ORDERED, by the Lords Spiritual and Temporal in Parliament assembled, That Edmond Warcupp Esquire, One of the Deputy Lieutenants and Justice of Peace for the County of Midd. who, by Order of this House, hath searched the House of Viscount Stafford, called or known by the Name of Tarthall, and seized some Papers there, do forthwith transmit the said Papers to the Secret Committee of the House of Commons; and for so doing, this shall be a sufficient Warrant.
Methods and Rules of Trial of the impeachedLords.
The Lord Privy Seal reported, "That the Committee of Privileges have met, and considered of the Methods and Rules to be observed at the Trials of the Five Lords in The Tower; which are offered to the Consideration of the House."
No Lord to visit them without Leave.
ORDERED, by the Lords Spiritual and Temporal in Parliament assembled, That no Lord of this House shall visit any of the Lords now Prisoners in The Tower, without Leave of this House first had on that Behalf.
Message from H. C. with a Bill.
A Message was brought from the House of Commons, by Sir Robert Markham, &c.
To acquaint their Lordships, that the Commons have passed a Bill, intituled, "An Act for reviving of a former Act, intituled, An Act for giving Leave to buy and export Leather and Skins tanned or dressed;" to which the Commons desire their Lordships Concurrence.
For re-engrossing Fines burnt and lost, Bill.
The Lord Privy Seal reported, "That the Committee appointed to consider the Bill for re-engrossing the Fines which were burnt in The Temple, have considered the same; and are of Opinion, that the said Bill is sit to pass, without any Amendment."

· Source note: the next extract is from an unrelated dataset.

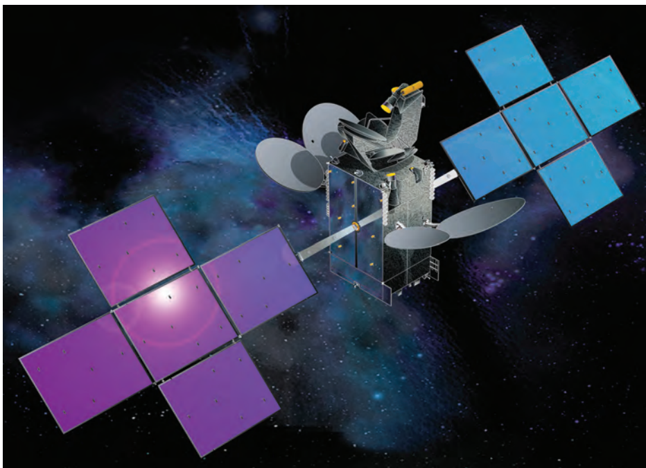
Figure 3. Intelsat 14 is a communications satellite owned by Intelsat located at 45° West longitude, serving the Americas, Europe, and African markets.

Nowhere is this truer than in the role that the commercial satellite industry has played in supporting the dramatic increase in use of unmanned aerial vehicles (UAV). The success of early UAVs drove the demand for more UAV flights and more and better onboard sensors suites, which, in turn, drove the need for more satellite capacity. Once the data is collected, it must be dispersed for action. The quickest way to do this in theater is via satellite. This raises a fundamental question for the future: should the DoD create an enduring

Hodie 3a vice lecta est Billa, "An Act for re-engrossing of the Records of Fines burnt or lost in the late Fire in The Temple."
The Question was put, "Whether this Bill shall pass?"

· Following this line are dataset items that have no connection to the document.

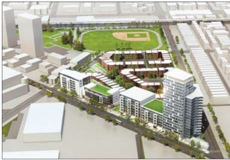
(L) Rendering of phase one tower of Cabrini Green redevelopment by Gensler. (R) Phase one site view of Cabrini Green redevelopment by Gensler.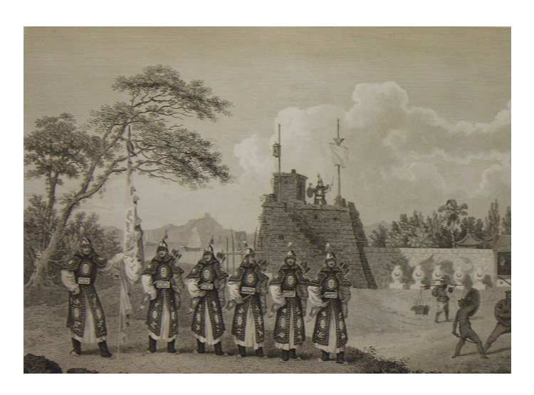
A Chinese Military Post

This five-volume set of gems is kept in a fire-proof safe in the Fung Ping Shan Library. For enquiries, please approach the Special Collections counter.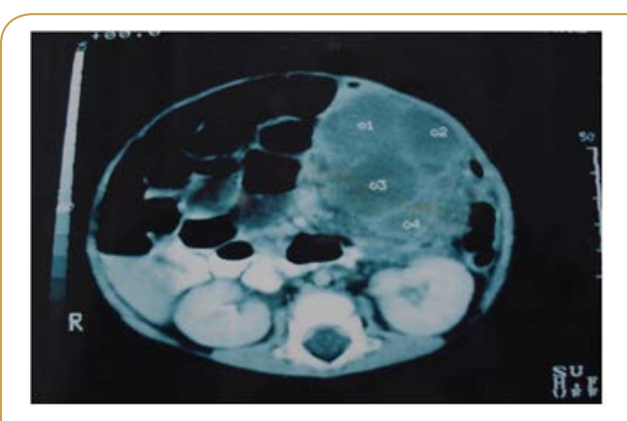
Figure 1 Contrast CT of abdominal cystic lymphangioma showing hypoechoic multi-locular cystic mass with multiple enhanced septa arises in the sigmoid mesocolon.

Complete surgical excision of the cyst (cystectomy) could be done in seven patients (53.8%), excision of the cyst with the adjacent part of intestine that is intimately adherent to it in four patients (30.8%), partial excision of a huge cyst with intraperitoneal marsupialization in one patient (7.7%) and incomplete excision of the cyst leaving a small part of its posterior wall adherent to superior mesenteric vessels done in one patient (Table 1) . After surgery, the excised specimens sent for histopathological examination and proved to be cystic lymphangioma by its characteristic histological criteria of lymphatic spaces lined by flat endothelial cells, lymphoid aggregates and foam cells containing lipoid material in stroma and smooth muscle fibers in

And it was Resolved in the Affirmative.
Message to H. C. that the Lords have passed it and Dale's Bill.
A Message was sent to the House of Commons, by Sir William Beversham and Sir Samuell Clerke:
To acquaint them, that the Lords have passed the Bill concerning Charles Dale's Estate, and also the Bill for re-engrossing of the Records of Fines burnt or lost in the late Fire in The Temple.
Dominus Cancellarius declaravit præsens Parliamentum continuandum esse usque in diem Martis, 20um diem instantis Maii, hora decima Aurora, Dominis sic decernentibus.